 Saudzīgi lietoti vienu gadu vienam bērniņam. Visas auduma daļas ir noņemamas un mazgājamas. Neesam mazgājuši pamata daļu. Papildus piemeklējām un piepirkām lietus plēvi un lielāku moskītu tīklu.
==
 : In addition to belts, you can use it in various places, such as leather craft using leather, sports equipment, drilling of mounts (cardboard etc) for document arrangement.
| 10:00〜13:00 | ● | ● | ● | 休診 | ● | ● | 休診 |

■ WHAT IS EXPECTED ■
Look back at the data above. Transcribe exactly the lines starting at the line that contains "for document arrangement." and ending at the line that contains "10:00〜13:00 | ●".

■ TASK OUTPUT ■
 : In addition to belts, you can use it in various places, such as leather craft using leather, sports equipment, drilling of mounts (cardboard etc) for document arrangement.
| 10:00〜13:00 | ● | ● | ● | 休診 | ● | ● | 休診 |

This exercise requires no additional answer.